RECORDS FOR THE TASK START

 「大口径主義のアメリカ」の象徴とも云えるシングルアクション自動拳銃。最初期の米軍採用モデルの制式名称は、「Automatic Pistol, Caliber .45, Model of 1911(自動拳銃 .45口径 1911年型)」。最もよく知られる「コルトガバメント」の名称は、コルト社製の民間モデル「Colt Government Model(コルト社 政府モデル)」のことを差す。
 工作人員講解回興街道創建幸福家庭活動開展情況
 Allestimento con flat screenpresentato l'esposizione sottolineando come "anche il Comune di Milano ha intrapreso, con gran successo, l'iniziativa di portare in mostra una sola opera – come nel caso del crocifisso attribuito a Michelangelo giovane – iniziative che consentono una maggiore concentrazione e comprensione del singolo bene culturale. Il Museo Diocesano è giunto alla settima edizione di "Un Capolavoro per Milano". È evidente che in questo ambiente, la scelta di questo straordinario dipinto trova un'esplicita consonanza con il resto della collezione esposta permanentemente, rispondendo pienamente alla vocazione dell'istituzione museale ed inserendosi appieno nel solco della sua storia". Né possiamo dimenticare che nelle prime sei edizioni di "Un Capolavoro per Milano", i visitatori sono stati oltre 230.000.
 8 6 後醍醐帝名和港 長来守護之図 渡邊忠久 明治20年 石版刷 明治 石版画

RECORDS FOR THE TASK END
RECORDS FOR THE TASK START

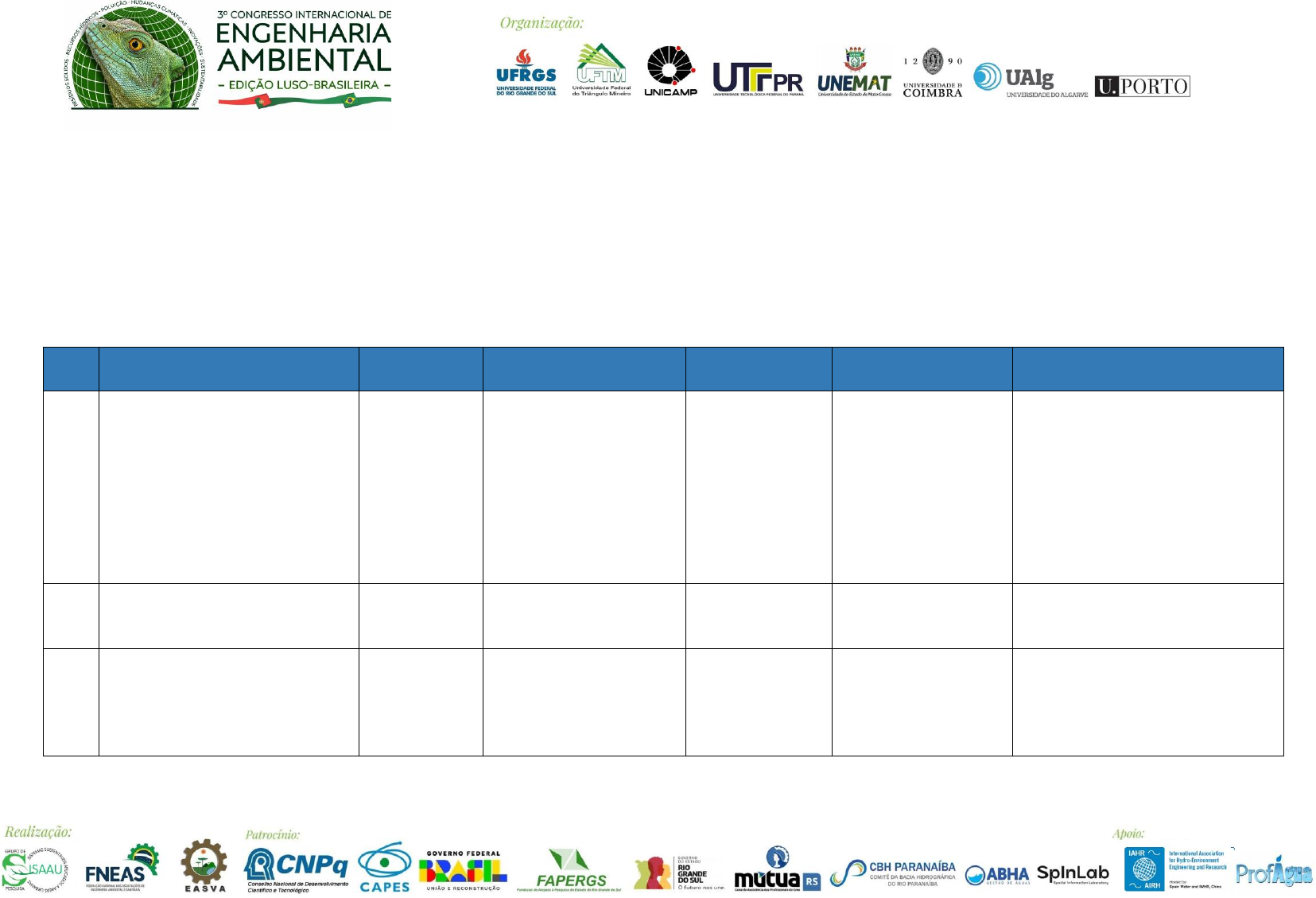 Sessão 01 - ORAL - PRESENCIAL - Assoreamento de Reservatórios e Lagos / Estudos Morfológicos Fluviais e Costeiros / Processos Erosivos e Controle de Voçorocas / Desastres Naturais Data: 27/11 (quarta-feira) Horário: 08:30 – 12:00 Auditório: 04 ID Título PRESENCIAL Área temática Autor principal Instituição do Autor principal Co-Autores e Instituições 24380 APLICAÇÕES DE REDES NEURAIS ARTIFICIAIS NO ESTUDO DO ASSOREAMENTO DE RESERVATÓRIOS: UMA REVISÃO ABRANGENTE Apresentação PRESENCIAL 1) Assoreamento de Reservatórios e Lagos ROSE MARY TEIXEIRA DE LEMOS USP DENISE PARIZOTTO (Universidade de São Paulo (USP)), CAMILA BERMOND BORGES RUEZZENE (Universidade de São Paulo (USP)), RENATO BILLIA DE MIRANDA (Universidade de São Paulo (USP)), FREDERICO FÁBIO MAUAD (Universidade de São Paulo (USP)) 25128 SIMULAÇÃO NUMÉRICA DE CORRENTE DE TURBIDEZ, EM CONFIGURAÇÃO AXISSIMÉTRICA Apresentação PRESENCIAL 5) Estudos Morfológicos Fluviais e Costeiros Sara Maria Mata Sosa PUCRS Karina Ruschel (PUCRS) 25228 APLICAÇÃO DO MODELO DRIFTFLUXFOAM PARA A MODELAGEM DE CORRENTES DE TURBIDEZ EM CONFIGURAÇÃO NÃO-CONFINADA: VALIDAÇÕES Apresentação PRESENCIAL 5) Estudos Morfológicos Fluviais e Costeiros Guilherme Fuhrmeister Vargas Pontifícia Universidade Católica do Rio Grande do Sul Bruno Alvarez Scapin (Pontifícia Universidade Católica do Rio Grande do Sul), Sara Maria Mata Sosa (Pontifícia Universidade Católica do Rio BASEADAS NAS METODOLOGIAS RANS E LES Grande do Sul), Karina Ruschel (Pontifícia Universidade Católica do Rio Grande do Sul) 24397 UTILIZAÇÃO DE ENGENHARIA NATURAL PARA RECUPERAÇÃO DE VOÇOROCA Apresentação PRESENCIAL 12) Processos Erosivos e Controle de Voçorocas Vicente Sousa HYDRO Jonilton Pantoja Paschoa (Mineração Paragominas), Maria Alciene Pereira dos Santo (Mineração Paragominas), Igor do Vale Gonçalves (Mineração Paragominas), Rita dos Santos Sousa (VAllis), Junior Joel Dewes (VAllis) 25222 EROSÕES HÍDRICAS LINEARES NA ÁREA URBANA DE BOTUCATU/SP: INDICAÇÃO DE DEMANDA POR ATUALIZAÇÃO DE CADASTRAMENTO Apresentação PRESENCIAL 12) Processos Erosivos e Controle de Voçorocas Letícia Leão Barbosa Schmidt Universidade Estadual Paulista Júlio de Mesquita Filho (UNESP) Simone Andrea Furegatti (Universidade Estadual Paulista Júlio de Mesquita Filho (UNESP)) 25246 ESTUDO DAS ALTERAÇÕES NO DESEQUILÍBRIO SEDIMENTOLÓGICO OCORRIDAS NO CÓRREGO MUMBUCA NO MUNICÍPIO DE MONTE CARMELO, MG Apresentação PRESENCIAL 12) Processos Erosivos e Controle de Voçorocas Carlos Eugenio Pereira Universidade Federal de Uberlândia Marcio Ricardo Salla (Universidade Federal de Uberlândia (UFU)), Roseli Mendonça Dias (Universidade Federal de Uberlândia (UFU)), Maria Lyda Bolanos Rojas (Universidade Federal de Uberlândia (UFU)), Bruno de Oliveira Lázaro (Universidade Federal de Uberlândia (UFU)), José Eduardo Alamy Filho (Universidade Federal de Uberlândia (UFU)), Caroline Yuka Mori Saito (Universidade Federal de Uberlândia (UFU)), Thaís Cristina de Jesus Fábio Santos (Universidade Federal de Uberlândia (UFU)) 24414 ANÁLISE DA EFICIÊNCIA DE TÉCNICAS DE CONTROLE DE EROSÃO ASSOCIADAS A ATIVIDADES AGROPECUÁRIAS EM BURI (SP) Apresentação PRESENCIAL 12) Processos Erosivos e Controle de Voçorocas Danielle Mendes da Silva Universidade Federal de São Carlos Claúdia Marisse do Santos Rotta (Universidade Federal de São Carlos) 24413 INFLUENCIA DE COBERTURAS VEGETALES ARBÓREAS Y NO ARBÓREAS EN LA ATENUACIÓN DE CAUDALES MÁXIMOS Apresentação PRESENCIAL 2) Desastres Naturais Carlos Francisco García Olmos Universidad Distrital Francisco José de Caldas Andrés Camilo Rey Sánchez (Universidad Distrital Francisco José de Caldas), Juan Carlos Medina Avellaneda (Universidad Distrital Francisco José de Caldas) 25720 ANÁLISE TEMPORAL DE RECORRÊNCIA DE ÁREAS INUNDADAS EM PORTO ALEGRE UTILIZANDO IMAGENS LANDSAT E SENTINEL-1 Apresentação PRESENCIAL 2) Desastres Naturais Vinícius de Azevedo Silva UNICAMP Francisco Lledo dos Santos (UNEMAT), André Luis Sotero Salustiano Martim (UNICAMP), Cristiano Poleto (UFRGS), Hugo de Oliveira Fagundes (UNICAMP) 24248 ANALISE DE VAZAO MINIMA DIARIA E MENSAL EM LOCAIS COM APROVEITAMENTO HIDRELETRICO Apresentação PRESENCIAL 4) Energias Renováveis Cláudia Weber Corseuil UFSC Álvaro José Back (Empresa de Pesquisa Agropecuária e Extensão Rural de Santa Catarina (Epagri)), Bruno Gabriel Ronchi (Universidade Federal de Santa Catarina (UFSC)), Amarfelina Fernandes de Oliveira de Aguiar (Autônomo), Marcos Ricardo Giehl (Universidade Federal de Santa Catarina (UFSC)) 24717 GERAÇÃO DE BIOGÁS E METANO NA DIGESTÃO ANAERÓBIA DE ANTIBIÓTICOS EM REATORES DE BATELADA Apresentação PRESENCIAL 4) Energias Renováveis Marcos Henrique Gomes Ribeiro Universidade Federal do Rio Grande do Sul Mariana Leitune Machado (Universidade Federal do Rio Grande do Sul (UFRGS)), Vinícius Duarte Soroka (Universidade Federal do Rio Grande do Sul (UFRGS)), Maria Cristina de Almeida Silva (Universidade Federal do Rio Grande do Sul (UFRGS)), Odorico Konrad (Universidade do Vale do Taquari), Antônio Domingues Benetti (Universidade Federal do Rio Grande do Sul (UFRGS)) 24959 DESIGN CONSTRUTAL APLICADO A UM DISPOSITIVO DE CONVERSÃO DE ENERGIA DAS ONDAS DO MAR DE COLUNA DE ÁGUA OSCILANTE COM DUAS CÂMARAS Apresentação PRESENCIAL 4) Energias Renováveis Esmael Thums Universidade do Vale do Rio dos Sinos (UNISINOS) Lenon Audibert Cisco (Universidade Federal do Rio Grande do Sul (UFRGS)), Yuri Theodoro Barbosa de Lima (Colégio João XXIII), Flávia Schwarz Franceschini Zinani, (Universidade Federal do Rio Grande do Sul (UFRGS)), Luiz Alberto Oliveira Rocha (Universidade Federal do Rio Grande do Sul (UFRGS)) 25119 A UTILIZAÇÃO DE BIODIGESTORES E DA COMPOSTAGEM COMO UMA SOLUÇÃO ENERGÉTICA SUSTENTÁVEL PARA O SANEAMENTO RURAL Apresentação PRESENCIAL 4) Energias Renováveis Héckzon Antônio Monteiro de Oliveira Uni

RECORDS FOR THE TASK END

▶ EXERCISE
Of the lines above, output exactly those from the line bearing "Government Model(コルト社 政府モデル)」のことを差す。" through the line bearing "工作人員講解回興街道創建幸福家庭活動開展情況", inclusive.

▶ TASK ANSWER
 「大口径主義のアメリカ」の象徴とも云えるシングルアクション自動拳銃。最初期の米軍採用モデルの制式名称は、「Automatic Pistol, Caliber .45, Model of 1911(自動拳銃 .45口径 1911年型)」。最もよく知られる「コルトガバメント」の名称は、コルト社製の民間モデル「Colt Government Model(コルト社 政府モデル)」のことを差す。
 工作人員講解回興街道創建幸福家庭活動開展情況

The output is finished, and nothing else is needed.